Below this line are records; transcribe exactly the lines between the one holding "Bring home the" and the one holding "French Country Style", inclusive, and omit the pictures.

[[ Source data open ]]

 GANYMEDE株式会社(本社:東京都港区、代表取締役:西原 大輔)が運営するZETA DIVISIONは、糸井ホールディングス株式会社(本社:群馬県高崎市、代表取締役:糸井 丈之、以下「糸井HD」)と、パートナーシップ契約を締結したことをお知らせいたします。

[[ Source data closed ]]
[[ Source data open ]]

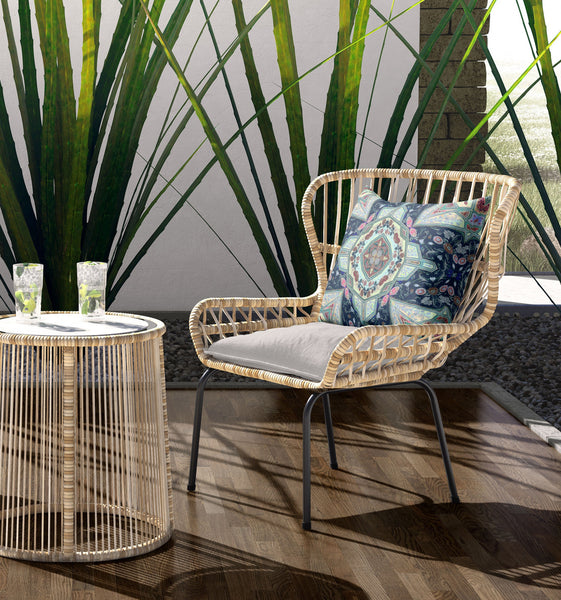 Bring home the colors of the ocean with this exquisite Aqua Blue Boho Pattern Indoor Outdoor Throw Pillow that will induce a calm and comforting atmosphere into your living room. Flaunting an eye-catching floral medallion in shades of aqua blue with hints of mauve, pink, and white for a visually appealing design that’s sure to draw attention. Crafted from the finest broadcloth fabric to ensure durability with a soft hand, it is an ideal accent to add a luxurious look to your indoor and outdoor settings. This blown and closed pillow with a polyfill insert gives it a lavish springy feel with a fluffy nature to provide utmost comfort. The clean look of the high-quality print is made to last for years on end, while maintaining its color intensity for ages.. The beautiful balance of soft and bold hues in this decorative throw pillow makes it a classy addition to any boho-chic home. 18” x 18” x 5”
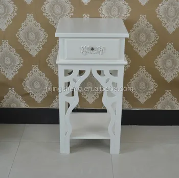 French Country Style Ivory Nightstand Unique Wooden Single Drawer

[[ Source data closed ]]

◆ Solved exercise
 Bring home the colors of the ocean with this exquisite Aqua Blue Boho Pattern Indoor Outdoor Throw Pillow that will induce a calm and comforting atmosphere into your living room. Flaunting an eye-catching floral medallion in shades of aqua blue with hints of mauve, pink, and white for a visually appealing design that’s sure to draw attention. Crafted from the finest broadcloth fabric to ensure durability with a soft hand, it is an ideal accent to add a luxurious look to your indoor and outdoor settings. This blown and closed pillow with a polyfill insert gives it a lavish springy feel with a fluffy nature to provide utmost comfort. The clean look of the high-quality print is made to last for years on end, while maintaining its color intensity for ages.. The beautiful balance of soft and bold hues in this decorative throw pillow makes it a classy addition to any boho-chic home. 18” x 18” x 5”
 French Country Style Ivory Nightstand Unique Wooden Single Drawer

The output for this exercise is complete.